In the above-described embodiment, the balanced double-current interconnection interface circuit according to the EIA standard specification RS-422A (recommended by CCITT.V11) has been described as an example. However, it is needless to say that the present invention can be applied to other various interface circuits.

[0031]

As described in detail above, according to the present invention,
An interface circuit and an interface method capable of starting normal communication between the transmitting side device and the receiving side device can be provided because the weak current of the transmitting side device can be prevented from flowing to the receiving side device.
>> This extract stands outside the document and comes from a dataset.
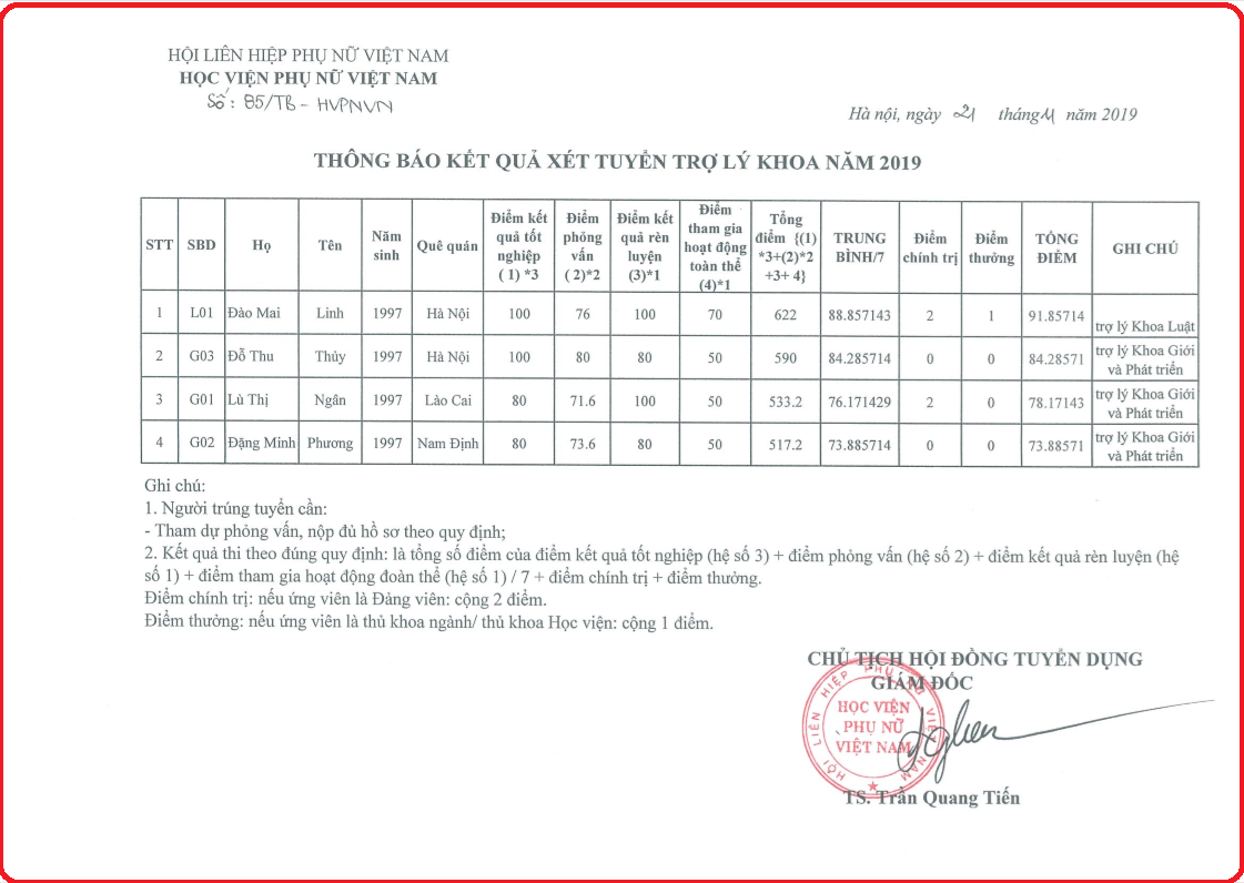 Kết quả xét tuyển trợ lý Khoa Luật; Giới & phát triển

[Brief description of the drawings]

FIG. 1 is a block diagram showing a configuration of a control system to which an interface circuit according to an embodiment of the present invention is applied.

[Explanation of symbols]

 DESCRIPTION OF SYMBOLS 10 Transmitting device 11 Driver 12 Control circuit 13 Power switch 14 Power circuit 15 Power switch 20 Receiving device 21 Receiver 22 Terminating resistor 23 FPGA 24 Power circuit

Claims (6)

[Claims] An interface circuit for electrically connecting the transmitting device and the receiving device by transmitting a signal from a driver provided in the transmitting device to a receiver provided in the receiving device, A control circuit for controlling the validity and invalidity of the output of the driver; a power switch for turning on power to the receiving side device;
And an interface circuit comprising: 2. The interface circuit according to claim 1, wherein said power switch is a mechanical switch that is manually turned on and off. 3. The interface circuit according to claim 1, wherein said power switch is a relay that is turned on and off electromechanically. 4. The interface circuit according to claim 1, wherein said power switch is an electronic switch that is turned on and off electronically. 5. The control circuit of the transmission-side device further has a function of controlling on and off of the power switch, and after a lapse of a fixed time from the turning on of the power switch by the control circuit, the driver circuit 5. The interface circuit according to claim 3, wherein an output of the interface circuit is enabled. 6. An interface method for electrically connecting the transmitting side device and the receiving side device by transmitting a signal from a driver provided in a transmitting side device to a receiver provided in a receiving side device, The interface method according to claim 1, wherein the transmitting device enables the output of the driver after a lapse of a predetermined time since the power of the receiving device is turned on.